# H1: Self-Determination Theory (SDT) Main Effects on Technology Acceptance

## Research Question
Does self-determination predict acceptance of AI-assisted mental health interventions, controlling for confounders?

## Hypothesis (H1)
**Self-determination predicts attitudes towards AI for 3 mental health technologies (Avatar, Chatbot, Teletherapy), while controlling for confounders (GAAIS, demographics, etc.)**

## Outcomes (Three Separate Models)
Each technology is analyzed independently:
1. **Accept_avatar_imputed** - Avatar / AI therapist acceptance
2. **Accept_chatbot_imputed** - Chatbot acceptance  
3. **Accept_tele_imputed** - Teletherapy (human therapist) acceptance

## Predictor
- **TENS_Life_mean_imputed** (Self-Determination Theory / basic psychological needs satisfaction)

## Confounders / Control Variables
All models control for:
- **Primary confounders:**
  - GAAIS_mean_imputed (general AI attitudes)
  - ET_mean_imputed (epistemic trust)
- **Additional controls:**
  - PHQ5_mean_imputed (depressive symptoms)
  - SSRPH_mean_imputed (mental health stigma)
  - age_imputed
  - gender (categorical)
  - Country (China vs USA; covariate, not moderator in H1)

## Analytic Approach
- **Step 1:** Describe and model confounders FIRST (confounder-only models)
- **Step 2:** Add SDT and evaluate incremental contribution (ΔR²)
- **Step 3:** Report β, SE, p-values for SDT across all three technologies

**Note:** GAAIS and ET are treated as **covariates/confounders**, not moderators. 
Moderation effects (role and culture) are tested in H2 and H3.

# 0.0 Library Imports and Paths

In [None]:
from __future__ import annotations

import warnings
from pathlib import Path
from typing import Dict, List

import numpy as np
import pandas as pd
import matplotlib.pyplot as plt
import seaborn as sns

import statsmodels.api as sm
import statsmodels.formula.api as smf
from statsmodels.stats.outliers_influence import variance_inflation_factor

warnings.filterwarnings("ignore", category=FutureWarning)

PROJECT_ROOT = Path.cwd()
DATA_DIR = PROJECT_ROOT / "data"
OUTPUT_DIR = DATA_DIR / "output"

PROCESSED_PATH = OUTPUT_DIR / "processed_for_analysis.csv"

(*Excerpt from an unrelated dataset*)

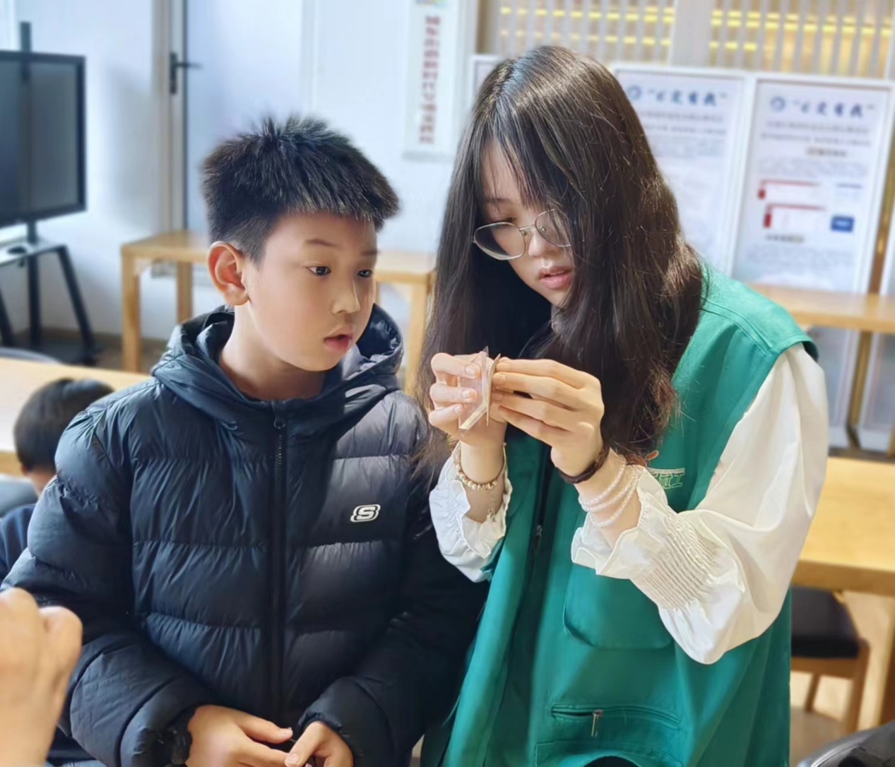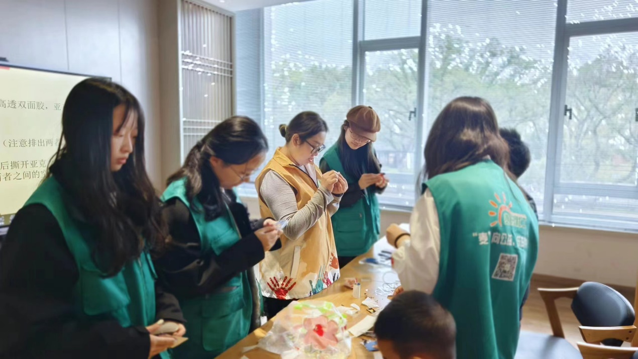 结对仪式结束后,经济与管理学院青年志愿者还前往舟山市定海区明珠小学开展“小橘灯”志愿服务活动。志愿者们给低年级的小朋友们赠送了书籍《作弊不可以》,给高年级的小朋友们赠送了书籍《霸凌不可以》,帮助他们建立起“诚实守信、积极进取”的良好品德和“反对校园霸凌,共建和谐校园”的良好意识。志愿者们还在社工服务中心带领小朋友们制作冰箱贴,孩子们发挥奇思妙想,各种构思奇特、色彩鲜艳的艺术作品充分显示了他们丰富的想象力和创造力,让孩子们更好地认识美、感受美、创造美。

# 1.0. Load Processed Data
- We use the fully merged dataset that already contains composite scores and harmonized variables for China + USA.

In [None]:
processed = pd.read_csv(PROCESSED_PATH)
print("Processed shape:", processed.shape)

In [None]:
# key *_imputed variables should exist
key_imputed = [
    "TENS_Life_mean_imputed",
    "Accept_avatar_imputed", "Accept_chatbot_imputed",
    "Accept_tele_imputed", "UTAUT_AI_mean_imputed",
    "GAAIS_mean_imputed", "ET_mean_imputed",
    "PHQ5_mean_imputed", "SSRPH_mean_imputed",
    "age_imputed",
    "Country", "gender",
]

missing_cols = [c for c in key_imputed if c not in processed.columns]
print("Missing key columns:", missing_cols)

# 2.0. Define H1 Variables and Prepare Analytic Sample

## Per Katie's Requirements:
**"Self-determination predicts attitudes towards AI for 3 mental health technologies (Avatar, chatbot, teletherapy), while controlling for confounders (GAAIS, demographics etc)."**

### Predictor
- **TENS_Life_mean_imputed** (SDT / basic psychological needs satisfaction)

### Outcomes (Three Separate Models)
1. **Accept_avatar_imputed** - Avatar / AI therapist acceptance
2. **Accept_chatbot_imputed** - Chatbot acceptance
3. **Accept_tele_imputed** - Teletherapy (human therapist) acceptance

### Confounders / Control Variables
**Primary Confounders (Theoretical):**
- GAAIS_mean_imputed (general AI attitudes)
- ET_mean_imputed (epistemic trust)

**Additional Controls (Symptoms & Demographics):**
- PHQ5_mean_imputed (depressive symptoms)
- SSRPH_mean_imputed (mental health stigma)
- age_imputed
- gender (categorical)
- Country (China vs USA; covariate, NOT moderator in H1)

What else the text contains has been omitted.